_Problem statement_
Filter the records below for the word "This". Copy each line that holds it.

_Provided data_
═══
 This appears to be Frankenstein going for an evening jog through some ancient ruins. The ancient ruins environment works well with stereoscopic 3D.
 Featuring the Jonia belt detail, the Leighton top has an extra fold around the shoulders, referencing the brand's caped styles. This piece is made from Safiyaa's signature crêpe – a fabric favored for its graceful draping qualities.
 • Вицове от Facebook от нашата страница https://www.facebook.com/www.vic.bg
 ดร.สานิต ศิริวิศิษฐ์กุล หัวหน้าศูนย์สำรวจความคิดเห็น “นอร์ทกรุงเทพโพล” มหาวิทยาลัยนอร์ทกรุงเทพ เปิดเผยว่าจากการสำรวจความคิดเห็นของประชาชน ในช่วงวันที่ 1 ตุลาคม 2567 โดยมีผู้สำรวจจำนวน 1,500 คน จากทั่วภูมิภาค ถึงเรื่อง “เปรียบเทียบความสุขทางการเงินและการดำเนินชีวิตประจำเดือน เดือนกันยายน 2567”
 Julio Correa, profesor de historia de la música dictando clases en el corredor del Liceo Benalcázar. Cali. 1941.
═══
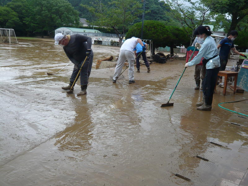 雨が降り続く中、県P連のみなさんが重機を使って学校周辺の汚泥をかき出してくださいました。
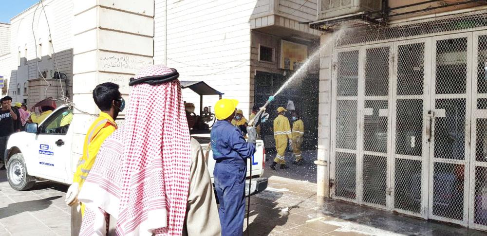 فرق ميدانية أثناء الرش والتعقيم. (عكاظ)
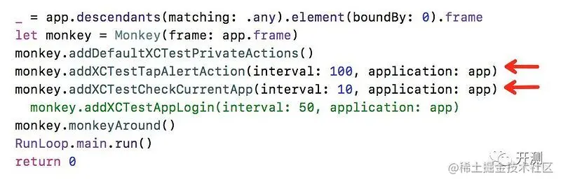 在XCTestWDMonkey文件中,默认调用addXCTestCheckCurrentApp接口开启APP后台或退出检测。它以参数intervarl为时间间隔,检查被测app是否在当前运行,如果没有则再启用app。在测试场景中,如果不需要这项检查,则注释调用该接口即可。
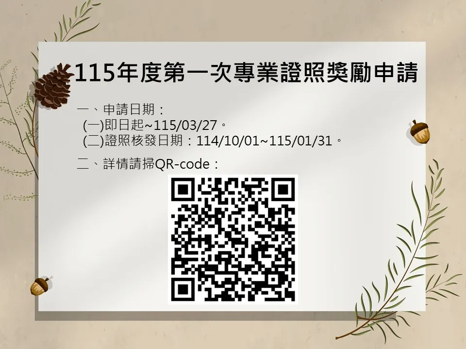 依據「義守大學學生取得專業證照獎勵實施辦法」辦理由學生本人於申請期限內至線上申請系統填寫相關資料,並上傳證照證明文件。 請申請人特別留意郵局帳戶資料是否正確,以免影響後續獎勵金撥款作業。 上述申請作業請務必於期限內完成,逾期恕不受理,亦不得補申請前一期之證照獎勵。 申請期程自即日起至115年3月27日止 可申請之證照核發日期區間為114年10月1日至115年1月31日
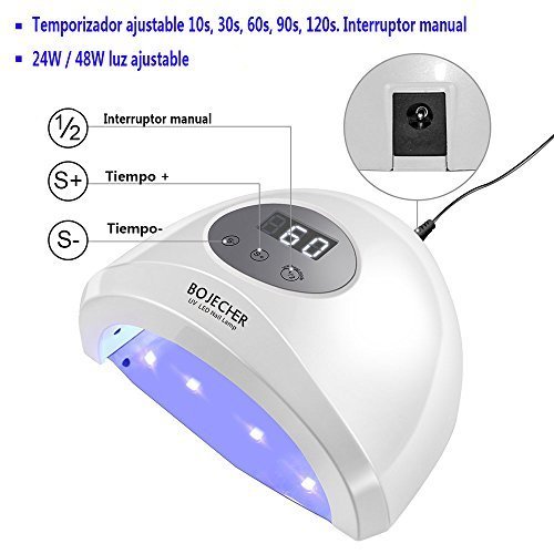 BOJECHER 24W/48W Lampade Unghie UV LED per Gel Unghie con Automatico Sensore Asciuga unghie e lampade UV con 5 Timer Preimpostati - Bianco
═══
_Final answer_
 This appears to be Frankenstein going for an evening jog through some ancient ruins. The ancient ruins environment works well with stereoscopic 3D.
 Featuring the Jonia belt detail, the Leighton top has an extra fold around the shoulders, referencing the brand's caped styles. This piece is made from Safiyaa's signature crêpe – a fabric favored for its graceful draping qualities.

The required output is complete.